Saturday, February 7, 2015

Unity Is Strength



A little over a year ago my Principal at the time casually suggested that my colleague next door and I try to do some team teaching.  You know, just dip your toes in.  See what happens.  He suggested we start with reading groups.  He didn't know who he was talking to.  Suggesting anything to someone, or in this case two someones, who are competitive, type-A personalities with a bent towards perfectionism, usually ends in a boots-and-all situation.  And this was no different.

It just so happened that we were about to go Google at the same time and this meant that our summer break was spent online collaborating over Google Docs trying to nut out planning, assessments and how this team-teaching thing was going to work.

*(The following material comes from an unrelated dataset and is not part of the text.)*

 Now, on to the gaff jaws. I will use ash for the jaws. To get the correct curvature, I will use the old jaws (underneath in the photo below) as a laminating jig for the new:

With our boots-and-all attitude and respect for each other as teachers I just knew that this was going to be a great year.  We delved into the pedagogy behind great team-teaching, researched modern learning environments and arranged to visit high-performing schools utilising the same techniques and practices that we wanted to implement.   We went in eyes open, brains switched on.  Learning at the heart of everything we did.

We had two single-cell classrooms connected through an ordinary-sized door.  Starting the year off we eased the students and ourselves into the team teaching environment, after all this was a mixed age group of two classes - one Years 3 and 4, the other Years 5 and 6.  The parents of the younger students were already nervous about their children being 'seniors' this year, we didn't want to completely terrify them.  The students of course just ran with it.  They thrived in their separate classes and they thrived when we came together for reading, then mathematics, then writing and all other curriculum areas.  Soon we were together all the time.  The students excelled.  They, and their parents, loved it.

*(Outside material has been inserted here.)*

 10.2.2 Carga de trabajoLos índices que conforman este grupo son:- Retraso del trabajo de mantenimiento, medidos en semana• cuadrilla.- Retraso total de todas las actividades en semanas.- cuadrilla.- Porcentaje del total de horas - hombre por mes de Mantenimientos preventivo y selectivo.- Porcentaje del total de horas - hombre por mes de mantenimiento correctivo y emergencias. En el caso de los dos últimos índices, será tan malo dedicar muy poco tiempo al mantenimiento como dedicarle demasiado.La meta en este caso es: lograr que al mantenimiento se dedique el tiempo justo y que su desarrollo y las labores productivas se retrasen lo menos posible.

Team teaching has so many benefits when done with the learners best interests at heart, for the right reasons and with a good team in place.  Mutual trust and respect are pivotal.  So is having a sense of humour and the ability to be flexible.  Great teams bounce off each other, accentuating and complementing each other's talents and strengths while supporting and balancing each other's weaknesses.  Personnel placement is a huge consideration.  My Principal was chuffed.  This was going better, he admitted, than he had even dreamed.

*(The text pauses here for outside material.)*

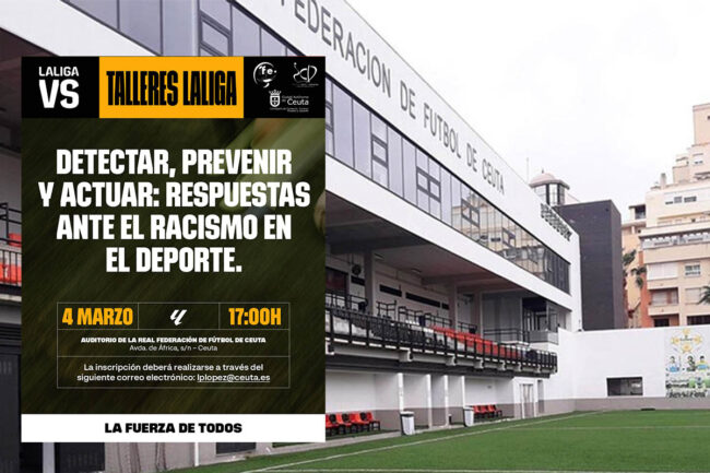 La Ciudad Autónoma de Ceuta, a través de la Consejería de Comercio, Turismo, Empleo y Deporte y el Instituto Ceutí de Deportes (ICD), en colaboración con LaLiga, organiza el taller formativo titulado 'Detectar, prevenir y actuar: respuestas ante el racismo en el deporte'.

For one thing, my colleague was male.  Our boys in particular really looked up to him.  We complemented each other in terms of gender, and balanced out the students need for specific response types.  We could play good-cop/bad-cop when we needed to.  They had a soft place to fall and also someone to tell them to take a spoonful of cement when that was more appropriate for the situation.  The biggest unexpected gift I think that came of our teaching relationship that year was that our students had both a male and a female role model who worked together as a team.  We knew that a lot of our students didn't have that modelled for them at home, a positive collaboration between genders, and it was an honour to be able to show them how two people could work together for a common purpose - them.  It just worked.

Lessons I have learned:

  • Your fear of being observed will be quickly conquered - you are constantly being observed.
  • You will learn how to give constructive criticism and supportive feedback, after all your own teaching depends on the successes of your team mate.
  • You will laugh more than ever before in a classroom, with the students falling over themselves laughing alongside the both of you.  This is pure magic.
  • If you have a bad day, there is always someone there to pick you up or to take over while you take a minute to gather yourself back together.
  • There is a sink next door and an open door through which to quietly sneak your half cold coffees into.
  • You will learn to relax, to be flexible, to go-with-the flow - because you have to.
  • A high-five is never more than a few steps away.
  • The load is shared.  The disappointments halved.  The celebrations doubled.
Simply put, last year was the best year in my teaching career so far.  This team-teaching thing is pretty damn awesome.